TO DO>
Return the data word for word. Pictures are to be omitted.

COLLECTED MATERIAL>

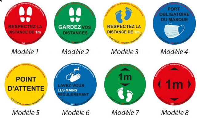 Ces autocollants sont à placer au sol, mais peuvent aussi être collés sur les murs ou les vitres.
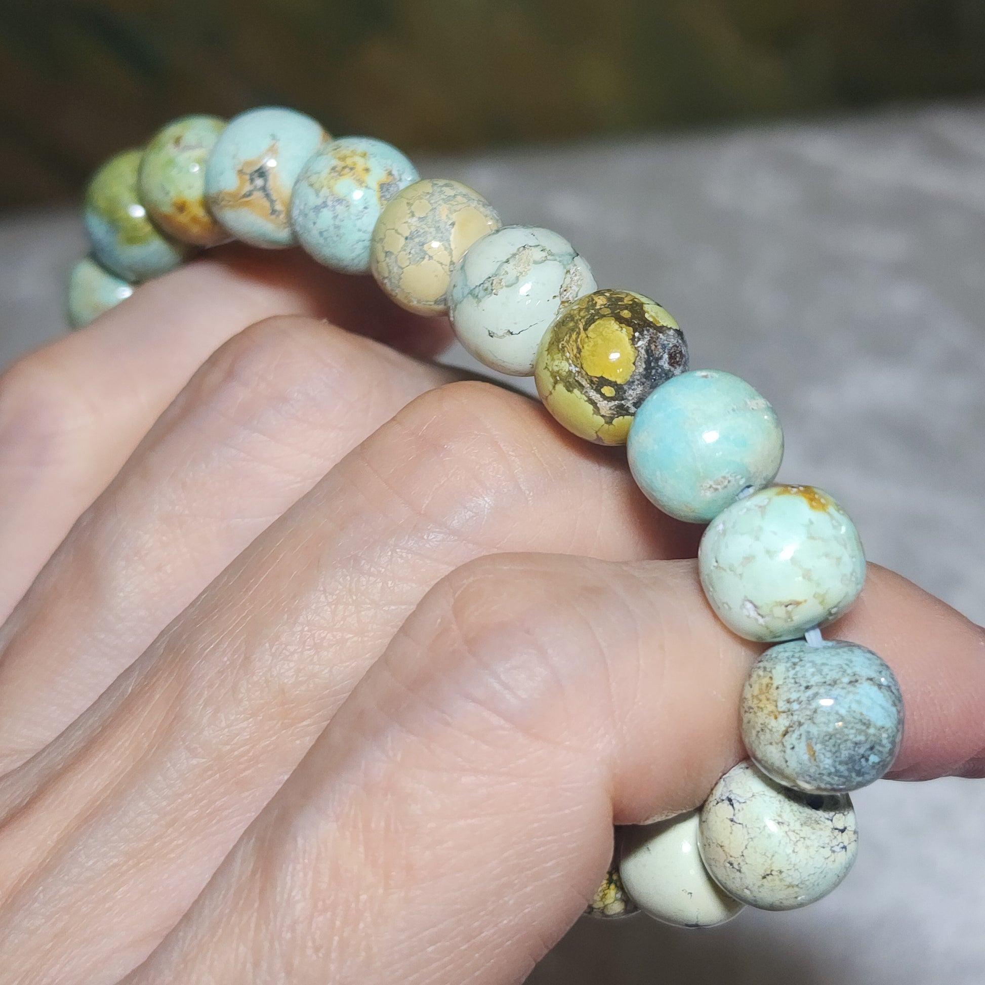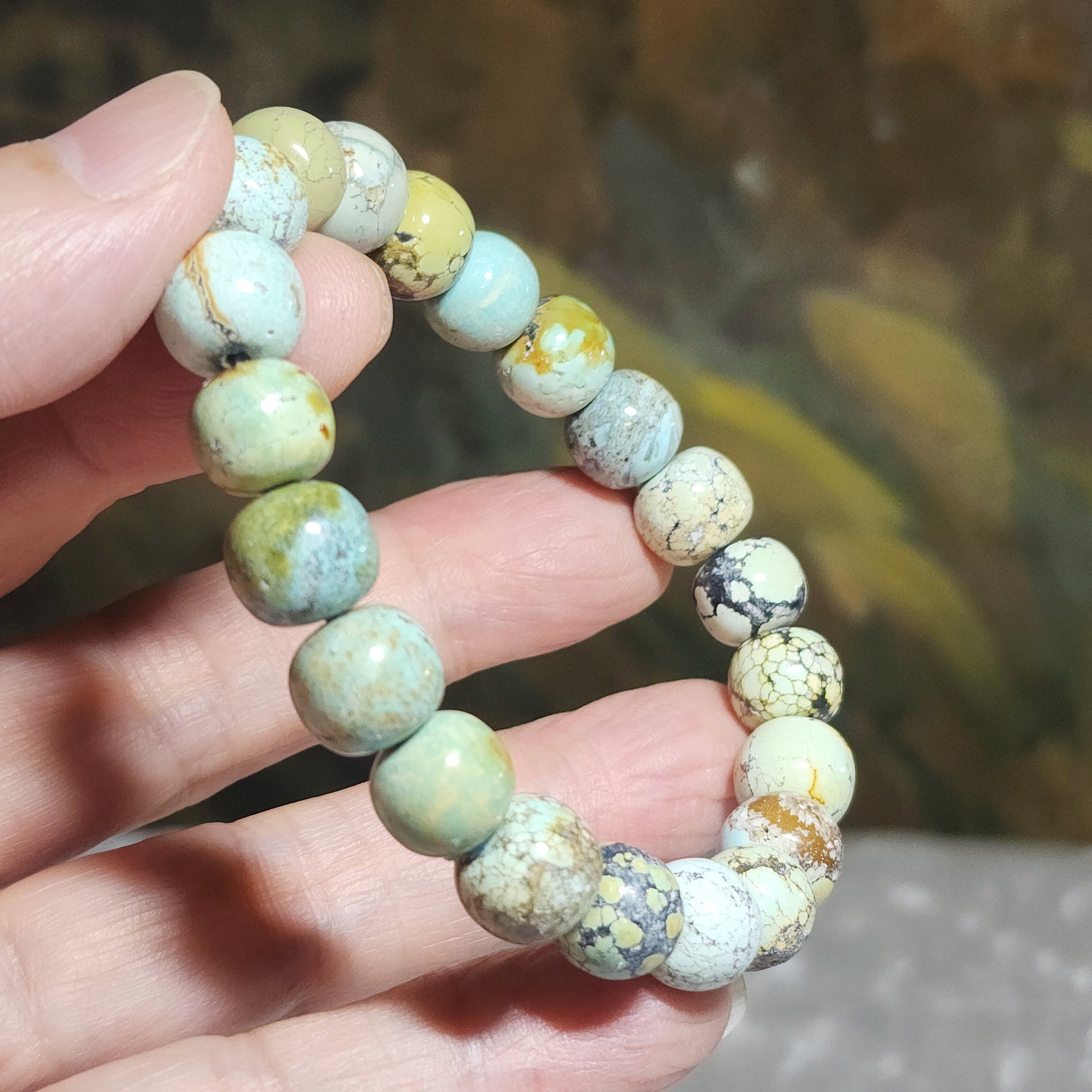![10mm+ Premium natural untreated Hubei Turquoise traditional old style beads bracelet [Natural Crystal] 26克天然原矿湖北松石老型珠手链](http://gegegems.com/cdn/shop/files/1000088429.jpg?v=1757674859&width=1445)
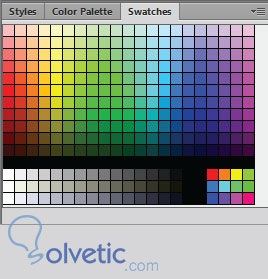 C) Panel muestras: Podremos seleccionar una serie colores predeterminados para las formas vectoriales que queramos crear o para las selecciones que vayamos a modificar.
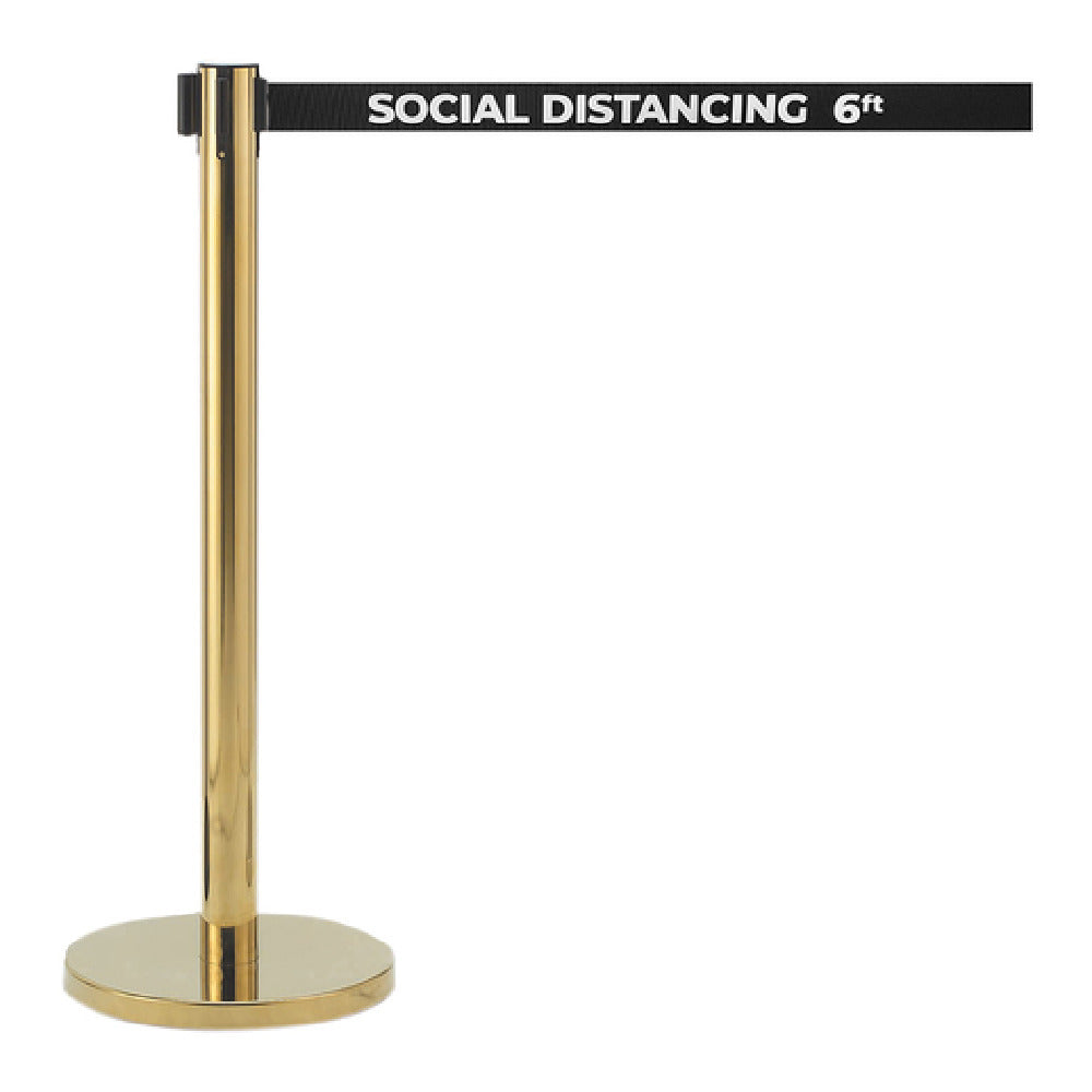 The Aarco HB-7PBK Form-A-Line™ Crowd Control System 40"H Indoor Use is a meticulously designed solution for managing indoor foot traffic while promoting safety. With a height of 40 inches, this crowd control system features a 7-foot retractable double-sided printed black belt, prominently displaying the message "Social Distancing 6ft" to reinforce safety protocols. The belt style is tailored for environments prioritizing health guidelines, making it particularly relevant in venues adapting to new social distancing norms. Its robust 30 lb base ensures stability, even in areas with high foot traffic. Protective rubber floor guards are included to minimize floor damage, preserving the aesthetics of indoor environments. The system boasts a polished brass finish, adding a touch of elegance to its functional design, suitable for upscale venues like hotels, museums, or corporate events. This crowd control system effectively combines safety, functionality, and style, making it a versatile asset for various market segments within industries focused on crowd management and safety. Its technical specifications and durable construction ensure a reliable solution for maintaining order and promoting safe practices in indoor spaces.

WRITTEN SOLUTION>
 Ces autocollants sont à placer au sol, mais peuvent aussi être collés sur les murs ou les vitres.
![10mm+ Premium natural untreated Hubei Turquoise traditional old style beads bracelet [Natural Crystal] 26克天然原矿湖北松石老型珠手链](http://gegegems.com/cdn/shop/files/1000088429.jpg?v=1757674859&width=1445)
 C) Panel muestras: Podremos seleccionar una serie colores predeterminados para las formas vectoriales que queramos crear o para las selecciones que vayamos a modificar.
 The Aarco HB-7PBK Form-A-Line™ Crowd Control System 40"H Indoor Use is a meticulously designed solution for managing indoor foot traffic while promoting safety. With a height of 40 inches, this crowd control system features a 7-foot retractable double-sided printed black belt, prominently displaying the message "Social Distancing 6ft" to reinforce safety protocols. The belt style is tailored for environments prioritizing health guidelines, making it particularly relevant in venues adapting to new social distancing norms. Its robust 30 lb base ensures stability, even in areas with high foot traffic. Protective rubber floor guards are included to minimize floor damage, preserving the aesthetics of indoor environments. The system boasts a polished brass finish, adding a touch of elegance to its functional design, suitable for upscale venues like hotels, museums, or corporate events. This crowd control system effectively combines safety, functionality, and style, making it a versatile asset for various market segments within industries focused on crowd management and safety. Its technical specifications and durable construction ensure a reliable solution for maintaining order and promoting safe practices in indoor spaces.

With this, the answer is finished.